Nancy Welsh, Frank W. Elliott, Jr. University Professor, Professor of Law, Director of Aggie Dispute Resolution Program, Texas A&M University School of Law.

Drawing on new empirical data, Professor Welsh argued that bilateral settlement negotiations—traditionally conducted between lawyers—increasingly appear to include clients. She suggested that this modern, “client-inclusive” version of lawyers’ settlement negotiations may be superior to the modern, more evaluative model of mediation—on many of the same metrics that were used originally to advocate for mediation. Perhaps then, just as arbitration has become the “new litigation” and mediation has become the “new arbitration,” so too lawyers’ client-inclusive negotiation could represent the “new mediation.”  Co-sponsored by The Mediation Society.

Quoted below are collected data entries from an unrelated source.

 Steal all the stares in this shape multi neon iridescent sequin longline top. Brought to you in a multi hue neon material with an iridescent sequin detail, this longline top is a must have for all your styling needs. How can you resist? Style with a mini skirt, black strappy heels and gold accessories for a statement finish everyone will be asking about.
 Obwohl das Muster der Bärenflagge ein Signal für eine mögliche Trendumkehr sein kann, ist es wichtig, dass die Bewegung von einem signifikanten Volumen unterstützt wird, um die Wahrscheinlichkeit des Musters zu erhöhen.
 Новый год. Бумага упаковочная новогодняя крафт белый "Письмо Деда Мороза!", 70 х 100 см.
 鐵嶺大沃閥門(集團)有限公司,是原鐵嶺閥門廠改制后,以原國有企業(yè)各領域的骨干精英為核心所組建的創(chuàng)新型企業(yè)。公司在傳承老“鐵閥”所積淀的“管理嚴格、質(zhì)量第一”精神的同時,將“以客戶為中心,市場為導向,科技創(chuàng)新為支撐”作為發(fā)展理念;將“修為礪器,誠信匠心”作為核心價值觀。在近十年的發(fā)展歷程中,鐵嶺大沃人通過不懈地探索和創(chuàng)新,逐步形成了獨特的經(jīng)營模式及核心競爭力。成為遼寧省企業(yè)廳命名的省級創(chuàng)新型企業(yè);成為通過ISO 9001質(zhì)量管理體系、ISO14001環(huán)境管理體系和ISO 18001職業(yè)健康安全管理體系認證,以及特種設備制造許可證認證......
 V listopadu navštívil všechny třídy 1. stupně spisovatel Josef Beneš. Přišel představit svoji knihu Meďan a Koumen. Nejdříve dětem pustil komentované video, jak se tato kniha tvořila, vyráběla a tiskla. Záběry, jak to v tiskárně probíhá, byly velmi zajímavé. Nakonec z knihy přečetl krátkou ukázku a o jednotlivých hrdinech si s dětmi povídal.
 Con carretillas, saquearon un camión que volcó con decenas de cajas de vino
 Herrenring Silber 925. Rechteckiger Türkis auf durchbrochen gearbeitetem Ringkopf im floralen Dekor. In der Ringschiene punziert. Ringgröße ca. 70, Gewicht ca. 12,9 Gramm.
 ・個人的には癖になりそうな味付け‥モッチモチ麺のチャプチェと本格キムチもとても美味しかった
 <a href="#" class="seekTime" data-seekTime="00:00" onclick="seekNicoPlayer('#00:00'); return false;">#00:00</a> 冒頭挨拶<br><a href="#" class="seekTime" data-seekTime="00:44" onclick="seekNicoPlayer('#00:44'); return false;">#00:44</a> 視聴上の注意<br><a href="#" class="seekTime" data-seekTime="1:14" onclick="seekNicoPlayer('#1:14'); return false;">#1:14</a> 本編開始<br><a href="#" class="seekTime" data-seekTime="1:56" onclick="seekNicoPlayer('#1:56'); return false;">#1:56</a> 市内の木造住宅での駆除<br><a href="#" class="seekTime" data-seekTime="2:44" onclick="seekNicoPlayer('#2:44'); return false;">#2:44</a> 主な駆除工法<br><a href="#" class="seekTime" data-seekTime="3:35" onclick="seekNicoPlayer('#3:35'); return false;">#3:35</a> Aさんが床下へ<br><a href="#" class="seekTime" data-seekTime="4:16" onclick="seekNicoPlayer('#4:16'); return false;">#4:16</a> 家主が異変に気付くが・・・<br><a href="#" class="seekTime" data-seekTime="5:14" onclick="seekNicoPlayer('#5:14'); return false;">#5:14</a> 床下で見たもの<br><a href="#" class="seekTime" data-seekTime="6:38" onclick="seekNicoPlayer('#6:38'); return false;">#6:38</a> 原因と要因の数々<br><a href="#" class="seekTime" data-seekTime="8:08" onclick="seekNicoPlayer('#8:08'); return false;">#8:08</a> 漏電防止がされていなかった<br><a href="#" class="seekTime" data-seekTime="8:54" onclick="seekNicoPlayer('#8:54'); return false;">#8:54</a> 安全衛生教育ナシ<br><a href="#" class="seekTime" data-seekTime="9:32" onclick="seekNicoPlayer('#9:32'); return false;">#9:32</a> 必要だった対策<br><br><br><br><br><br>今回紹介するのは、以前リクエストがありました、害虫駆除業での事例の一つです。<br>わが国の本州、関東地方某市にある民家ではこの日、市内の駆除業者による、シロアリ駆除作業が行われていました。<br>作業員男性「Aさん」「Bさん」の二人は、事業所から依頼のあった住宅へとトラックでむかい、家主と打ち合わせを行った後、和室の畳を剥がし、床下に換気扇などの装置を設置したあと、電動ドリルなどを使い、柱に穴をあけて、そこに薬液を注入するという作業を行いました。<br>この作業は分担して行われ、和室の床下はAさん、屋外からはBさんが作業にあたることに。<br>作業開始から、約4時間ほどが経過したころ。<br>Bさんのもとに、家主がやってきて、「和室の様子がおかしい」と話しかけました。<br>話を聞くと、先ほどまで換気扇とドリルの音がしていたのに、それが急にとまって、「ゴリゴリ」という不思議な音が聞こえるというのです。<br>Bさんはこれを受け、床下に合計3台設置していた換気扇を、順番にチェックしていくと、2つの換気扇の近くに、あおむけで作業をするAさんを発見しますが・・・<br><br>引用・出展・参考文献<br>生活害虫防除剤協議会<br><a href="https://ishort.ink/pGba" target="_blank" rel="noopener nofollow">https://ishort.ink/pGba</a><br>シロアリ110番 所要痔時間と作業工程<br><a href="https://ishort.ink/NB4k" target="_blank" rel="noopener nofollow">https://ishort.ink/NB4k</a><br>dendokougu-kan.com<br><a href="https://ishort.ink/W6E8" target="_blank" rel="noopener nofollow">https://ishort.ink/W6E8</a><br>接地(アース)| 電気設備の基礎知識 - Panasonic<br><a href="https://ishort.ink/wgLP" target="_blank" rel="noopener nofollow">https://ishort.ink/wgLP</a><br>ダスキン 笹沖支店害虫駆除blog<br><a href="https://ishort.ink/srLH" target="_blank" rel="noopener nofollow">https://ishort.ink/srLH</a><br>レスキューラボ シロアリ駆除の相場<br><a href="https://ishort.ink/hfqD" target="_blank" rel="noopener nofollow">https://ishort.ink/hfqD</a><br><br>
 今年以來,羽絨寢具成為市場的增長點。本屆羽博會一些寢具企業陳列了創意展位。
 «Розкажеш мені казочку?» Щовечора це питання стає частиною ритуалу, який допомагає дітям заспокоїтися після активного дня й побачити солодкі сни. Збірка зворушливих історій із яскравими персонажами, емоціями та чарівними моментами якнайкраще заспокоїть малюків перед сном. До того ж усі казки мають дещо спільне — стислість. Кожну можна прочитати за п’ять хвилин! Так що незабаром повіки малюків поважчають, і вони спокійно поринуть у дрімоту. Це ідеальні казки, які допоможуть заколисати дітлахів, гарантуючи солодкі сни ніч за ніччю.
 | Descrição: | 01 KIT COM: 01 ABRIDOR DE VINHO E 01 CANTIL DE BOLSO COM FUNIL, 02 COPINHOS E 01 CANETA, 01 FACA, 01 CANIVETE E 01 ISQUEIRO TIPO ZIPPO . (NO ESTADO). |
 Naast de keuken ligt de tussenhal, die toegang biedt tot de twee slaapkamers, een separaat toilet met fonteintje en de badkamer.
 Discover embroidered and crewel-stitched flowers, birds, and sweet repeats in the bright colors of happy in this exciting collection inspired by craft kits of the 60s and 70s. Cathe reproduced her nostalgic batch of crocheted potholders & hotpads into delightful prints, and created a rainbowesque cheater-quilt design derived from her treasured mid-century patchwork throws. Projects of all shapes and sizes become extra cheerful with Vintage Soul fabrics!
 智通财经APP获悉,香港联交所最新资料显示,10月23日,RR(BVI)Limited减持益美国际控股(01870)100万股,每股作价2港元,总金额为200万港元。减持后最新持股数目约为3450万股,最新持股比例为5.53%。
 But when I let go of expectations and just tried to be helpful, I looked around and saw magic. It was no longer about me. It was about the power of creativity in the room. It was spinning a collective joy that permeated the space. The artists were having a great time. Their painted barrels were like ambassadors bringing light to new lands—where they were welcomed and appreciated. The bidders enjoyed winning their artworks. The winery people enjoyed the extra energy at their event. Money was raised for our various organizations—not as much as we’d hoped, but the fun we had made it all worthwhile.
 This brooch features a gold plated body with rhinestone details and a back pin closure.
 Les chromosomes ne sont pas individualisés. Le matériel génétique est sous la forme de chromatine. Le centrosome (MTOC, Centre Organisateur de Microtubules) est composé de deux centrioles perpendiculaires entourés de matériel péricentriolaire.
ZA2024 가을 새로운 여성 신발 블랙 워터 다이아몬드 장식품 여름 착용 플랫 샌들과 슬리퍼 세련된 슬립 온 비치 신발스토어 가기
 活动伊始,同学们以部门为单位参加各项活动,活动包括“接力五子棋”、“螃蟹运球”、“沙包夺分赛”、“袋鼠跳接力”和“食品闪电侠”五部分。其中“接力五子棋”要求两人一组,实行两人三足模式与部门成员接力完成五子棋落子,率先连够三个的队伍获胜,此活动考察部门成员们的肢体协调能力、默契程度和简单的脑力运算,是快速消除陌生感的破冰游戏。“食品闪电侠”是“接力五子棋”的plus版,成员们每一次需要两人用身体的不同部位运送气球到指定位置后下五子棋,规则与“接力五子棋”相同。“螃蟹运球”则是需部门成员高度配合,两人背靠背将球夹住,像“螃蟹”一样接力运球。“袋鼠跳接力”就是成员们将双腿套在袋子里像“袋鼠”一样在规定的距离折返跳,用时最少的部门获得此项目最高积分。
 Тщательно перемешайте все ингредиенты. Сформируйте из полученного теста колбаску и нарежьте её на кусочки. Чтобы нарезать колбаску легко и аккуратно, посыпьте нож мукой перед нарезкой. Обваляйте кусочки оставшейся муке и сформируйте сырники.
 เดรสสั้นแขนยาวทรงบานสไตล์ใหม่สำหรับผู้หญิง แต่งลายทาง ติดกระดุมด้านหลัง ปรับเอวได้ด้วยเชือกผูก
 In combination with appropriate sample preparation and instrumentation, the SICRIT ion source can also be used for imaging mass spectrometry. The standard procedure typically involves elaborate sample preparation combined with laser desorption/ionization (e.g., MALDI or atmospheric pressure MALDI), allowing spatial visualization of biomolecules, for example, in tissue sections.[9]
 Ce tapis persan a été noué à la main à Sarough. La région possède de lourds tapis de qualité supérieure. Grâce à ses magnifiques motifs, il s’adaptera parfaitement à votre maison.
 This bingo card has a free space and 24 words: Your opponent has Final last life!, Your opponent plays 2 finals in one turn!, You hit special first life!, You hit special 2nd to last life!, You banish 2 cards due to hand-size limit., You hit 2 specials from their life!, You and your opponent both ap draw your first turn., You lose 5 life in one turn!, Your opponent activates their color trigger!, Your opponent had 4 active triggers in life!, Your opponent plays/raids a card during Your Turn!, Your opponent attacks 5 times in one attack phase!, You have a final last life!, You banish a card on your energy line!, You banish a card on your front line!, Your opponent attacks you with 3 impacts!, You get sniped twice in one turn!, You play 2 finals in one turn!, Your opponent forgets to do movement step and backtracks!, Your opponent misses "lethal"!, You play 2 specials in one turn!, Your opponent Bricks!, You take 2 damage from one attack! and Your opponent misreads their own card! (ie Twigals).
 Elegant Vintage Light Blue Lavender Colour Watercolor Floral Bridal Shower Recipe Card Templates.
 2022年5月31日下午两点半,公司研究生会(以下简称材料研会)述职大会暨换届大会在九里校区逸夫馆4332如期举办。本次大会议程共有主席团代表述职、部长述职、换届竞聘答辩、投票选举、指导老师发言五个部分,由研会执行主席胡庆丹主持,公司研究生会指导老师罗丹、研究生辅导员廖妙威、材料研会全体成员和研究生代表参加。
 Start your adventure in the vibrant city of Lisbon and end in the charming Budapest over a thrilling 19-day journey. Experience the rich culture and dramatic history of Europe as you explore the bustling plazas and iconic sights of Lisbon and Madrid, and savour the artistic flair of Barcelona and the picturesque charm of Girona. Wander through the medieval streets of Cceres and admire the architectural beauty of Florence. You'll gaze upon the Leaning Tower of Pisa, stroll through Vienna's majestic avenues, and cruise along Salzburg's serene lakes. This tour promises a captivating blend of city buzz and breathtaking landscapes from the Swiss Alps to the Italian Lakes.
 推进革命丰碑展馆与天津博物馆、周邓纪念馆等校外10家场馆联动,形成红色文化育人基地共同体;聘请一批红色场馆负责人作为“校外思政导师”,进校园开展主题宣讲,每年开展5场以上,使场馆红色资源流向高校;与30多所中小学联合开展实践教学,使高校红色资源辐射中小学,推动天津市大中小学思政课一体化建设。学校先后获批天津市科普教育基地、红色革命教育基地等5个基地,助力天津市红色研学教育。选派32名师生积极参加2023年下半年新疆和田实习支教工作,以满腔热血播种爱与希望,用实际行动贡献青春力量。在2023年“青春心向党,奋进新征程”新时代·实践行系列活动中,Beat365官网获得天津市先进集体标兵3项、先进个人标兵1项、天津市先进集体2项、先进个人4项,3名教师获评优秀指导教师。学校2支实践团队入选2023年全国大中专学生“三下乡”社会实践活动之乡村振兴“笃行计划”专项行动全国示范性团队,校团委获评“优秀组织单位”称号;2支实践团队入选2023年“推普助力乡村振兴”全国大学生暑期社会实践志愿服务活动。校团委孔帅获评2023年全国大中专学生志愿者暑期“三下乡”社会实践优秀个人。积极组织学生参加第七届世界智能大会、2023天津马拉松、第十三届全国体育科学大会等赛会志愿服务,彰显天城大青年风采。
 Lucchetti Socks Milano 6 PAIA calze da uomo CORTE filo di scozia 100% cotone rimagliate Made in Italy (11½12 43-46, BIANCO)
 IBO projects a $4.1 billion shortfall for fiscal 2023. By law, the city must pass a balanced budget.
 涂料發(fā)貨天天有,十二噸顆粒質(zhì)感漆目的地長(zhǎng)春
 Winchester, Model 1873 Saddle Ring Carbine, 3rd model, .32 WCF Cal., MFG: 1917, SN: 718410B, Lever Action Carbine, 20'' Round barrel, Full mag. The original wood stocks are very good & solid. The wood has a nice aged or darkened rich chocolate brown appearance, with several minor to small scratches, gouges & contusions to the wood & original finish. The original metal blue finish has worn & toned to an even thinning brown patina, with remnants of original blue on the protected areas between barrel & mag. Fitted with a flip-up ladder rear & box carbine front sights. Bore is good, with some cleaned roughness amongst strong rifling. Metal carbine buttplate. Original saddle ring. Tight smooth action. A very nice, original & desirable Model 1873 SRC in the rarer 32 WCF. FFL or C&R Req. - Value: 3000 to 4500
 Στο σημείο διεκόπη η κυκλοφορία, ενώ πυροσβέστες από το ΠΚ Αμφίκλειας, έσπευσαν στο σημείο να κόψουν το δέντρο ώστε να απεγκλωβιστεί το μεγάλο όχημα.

April 11:  The Future is Digital: Online Dispute Resolution and Decentralized Justice

Janet Martinez, Senior Lecturer in Law and Director of the Martin Daniel Gould Center for Conflict Resolution at Stanford Law School.

 

Colin Rule, CEO mediate.com and arbitrate.com.

As the pandemic forces public and private institutions to move online, many court and business leaders are looking to the field of online dispute resolution (ODR) for best practices and lessons learned. Professor Martinez and Mr. Rule provided an overview of the history of ODR’s development and explored the range of tools and techniques encompassed by online dispute resolution. They raised key questions and ethical challenges facing the design and governance of ODR systems.  Co-sponsored by mediate.com.

 

Mediator and Arbitrator, JAMS Mediation, Arbitration & ADR Services

April 18: Mediation Begins with Me: A Look at Self Reflection, Self Management and Self Compassion 

Bruce Edwards, Co-Founder of JAMS and Co-Founder of Edwards Mediation Academy.

Mr. Edwards discussed the importance of attending to emotions in mediation. He suggested that the key to developing mediation competency begins with honest self-reflection and thoughtful emotional self-management.  Drawing on insights from Christopher Germer’s book, the Mindful Path to Self-Compassion, he illustrated how to design and implement a life-long commitment to self-reflection and personal development—a journey that he described as beginning with “me.” Co-sponsored by JAMS.